Find position of the window of a given gene.

Arguments:

  • gene_index: Index of the desired gene on the quantification file

Returns:

  • Tuple of window_start and window_end, which define the start and end positions of the window

get_variants_for_gene_window

def get_variants_for_gene_window(current_start: int, current_end: int)

Find all the variants inside a window of a gene.

Arguments:

  • current_start: Start position of a window
  • current_end: End position of a window

Returns:

  • variants: Subset of genotype dataframe that contains only those variants that are inside the given window

gene_variants_common_segment

def gene_variants_common_segment(start: int, end: int, variants: pd.DataFrame)

Filter variants to ensure that the gene and variants that are in the same window are also on a same segment.

Arguments:

  • start: Start position of a window
  • end: End position of a window
  • variants: Subset of genotype file. Only variants that are in the same window as the gene of interest

Returns:

  • variants: Subset of genotype dataframe that is filtered and masked by segmentation and window.

gene_variant_regressions_permutations

def gene_variant_regressions_permutations(gene_index: int,
                                          transf_variants: pd.DataFrame,
                                          variant: str,
                                          regression_data: pd.DataFrame)

Perform permutations to obtain adjusted p-values. In case of 0 permutations, do only nominal pass.

Arguments:

  • gene_index: Index of a gene of interest on the quantification file.
  • transf_variants: Dataframe of transformed variants that are processed for window and segmentation.
  • variant: Variant id
  • regression_data: Dataframe with current gene expression levels, genotypes, and covariates

Returns:

  • actual_associations: Dataframe of association testing results for a gene. When > 0 permutations are used, also adjusted p-values are provided.

permutation_data

def permutation_data(gene_index: int, perm_index: int,
                     transf_variants: pd.DataFrame, variant: str)

Find data for association testing for permutations. In this case all dependent variable values are fixed, only the phenotype levels are permuted.

Arguments:

  • gene_index: Index of the actual gene on the quantification file.
  • perm_index: Index of a gene on the quantification file that is used for permutation.
  • transf_variants: Dataframe of transformed variants that are processed for window and segmentation.
  • variant: Variant ID

Returns:

  • perm_gex, perm_genotypes: Arrays of residualized permuted phenotype levels and residualized fixed genotype values

check_grouping

def check_grouping(cur_genotypes_filtered: np.ndarray)

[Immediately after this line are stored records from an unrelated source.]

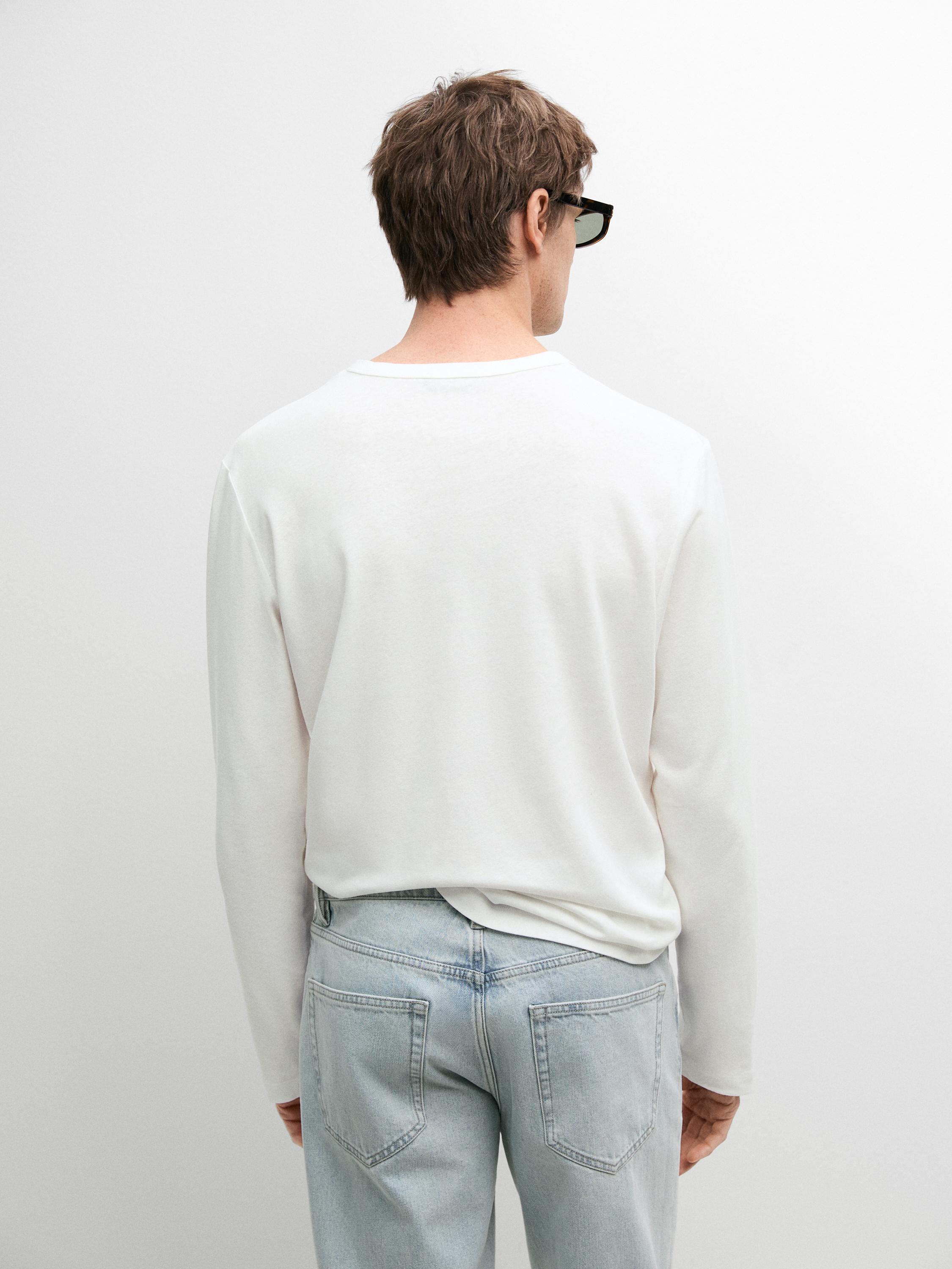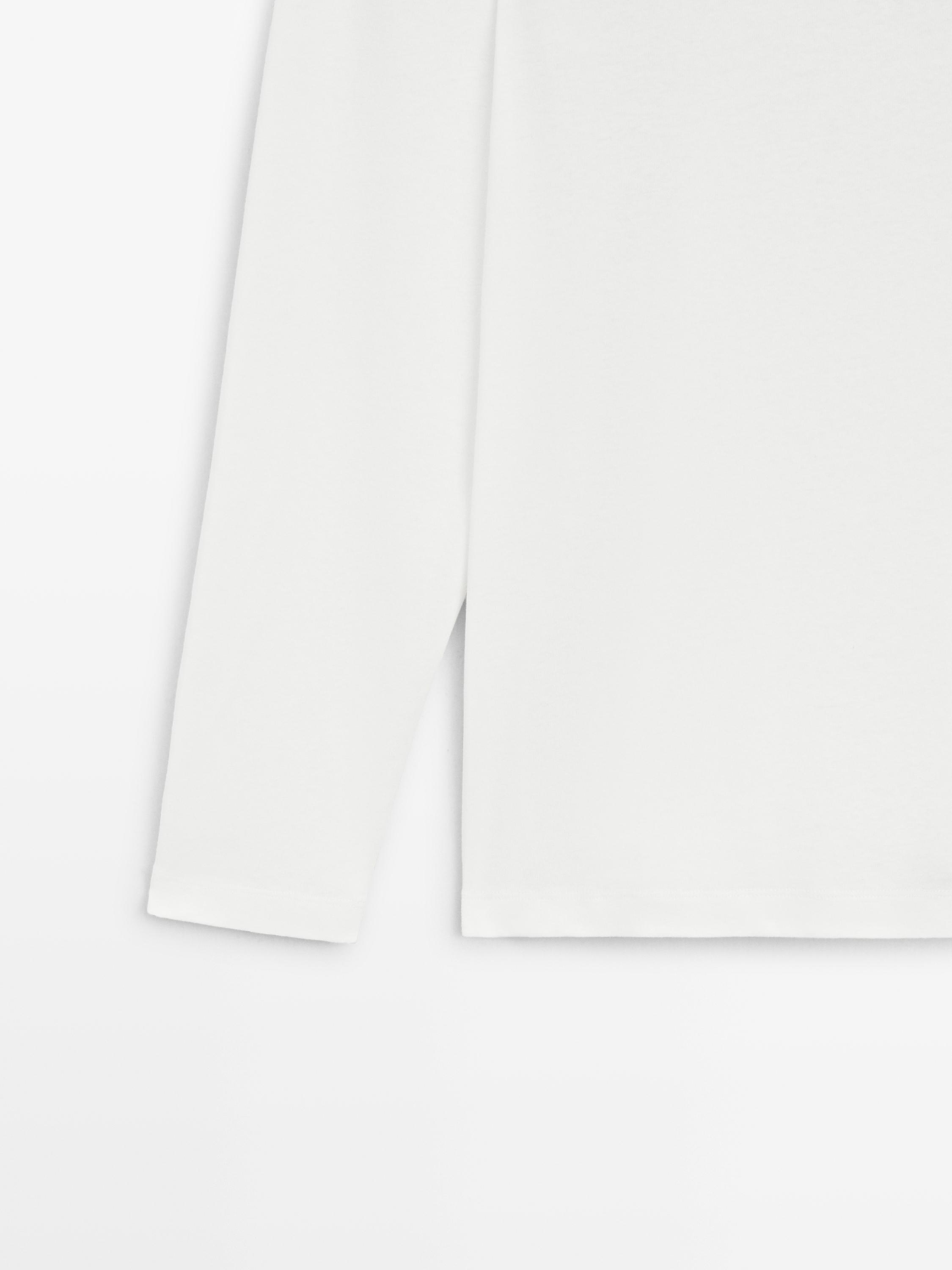 Massimo Dutti Футболка с длинными рукавами и воротником-стойкой, белый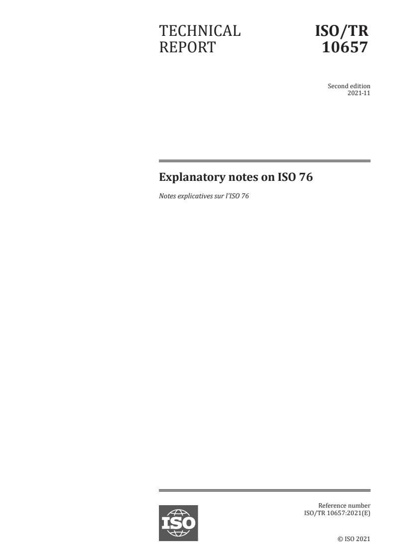 ISO/TR 10657:2021 - Explanatory notes on ISO 76 Released:11/12/2021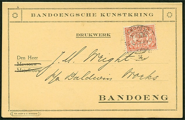 Drie met 2½c gefr. drukwerken uit 1923 van de Bandoengsche Kunstkring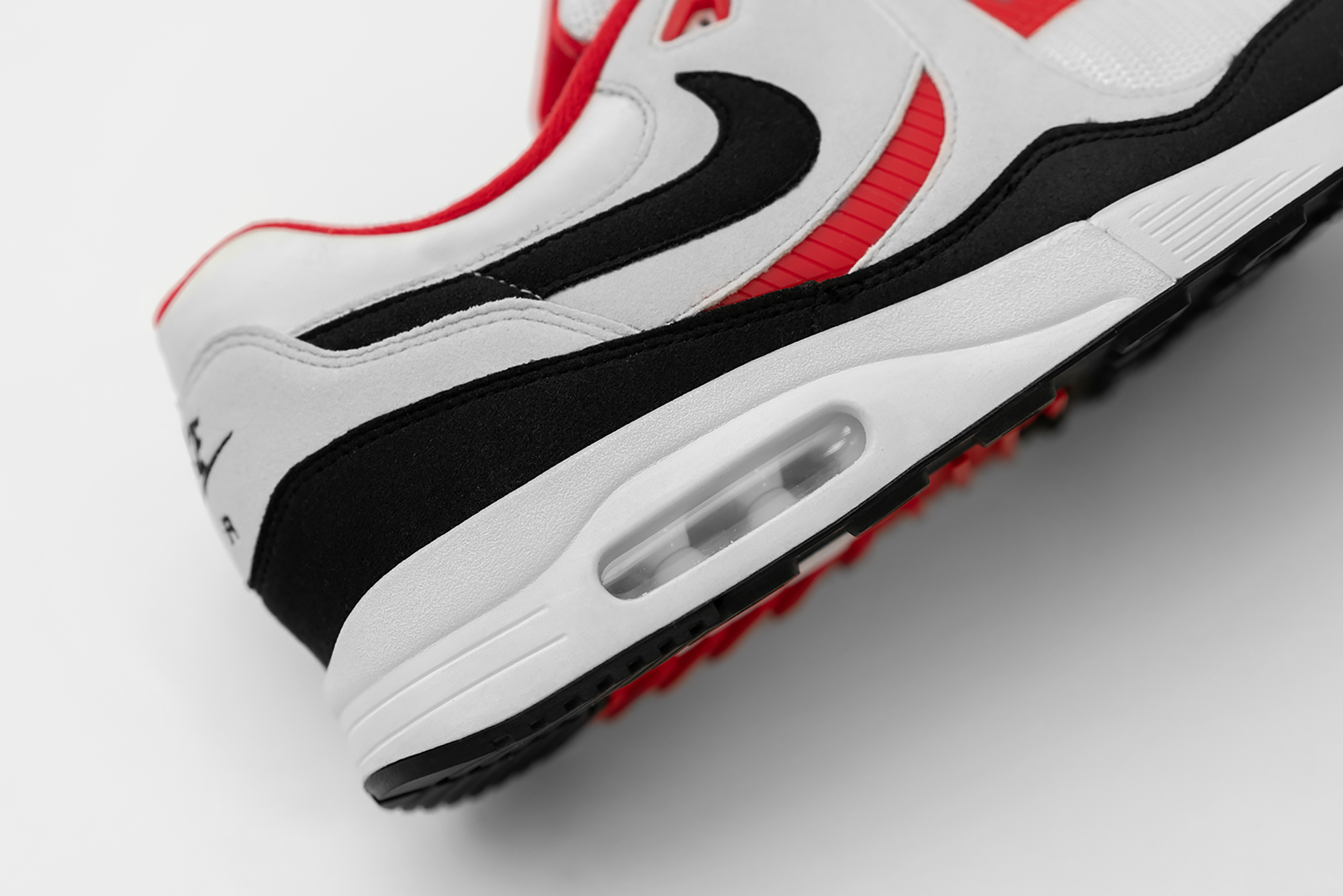 Screaming with throwback appeal, Nike delivers a classic Air Max design relevant for the present day. Arriving in an OG colourway, the Max Light’s upper boasts a base of white breathable mesh and light grey suede, overlaid by contrasting black panels to the mudguard and side panel Swooshing. Vibrant bursts of colour arrive on the ‘Sport red’ synthetic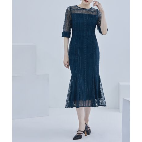 縦のシルエットを強調したパネルレース×梯子レース、裾で広がるマーメイドライン、

Find if the genotype dosages have adequate variation in the data.

Arguments:

  • cur_genotypes_filtered: Array of genotype dosages

Returns:

  • Boolean value showing if there are enough instances in the different genotype groups.

filter_arrays

def filter_arrays(GEX: np.ndarray, CN: np.ndarray, cur_genotypes: np.ndarray,
                  cov_values: np.ndarray)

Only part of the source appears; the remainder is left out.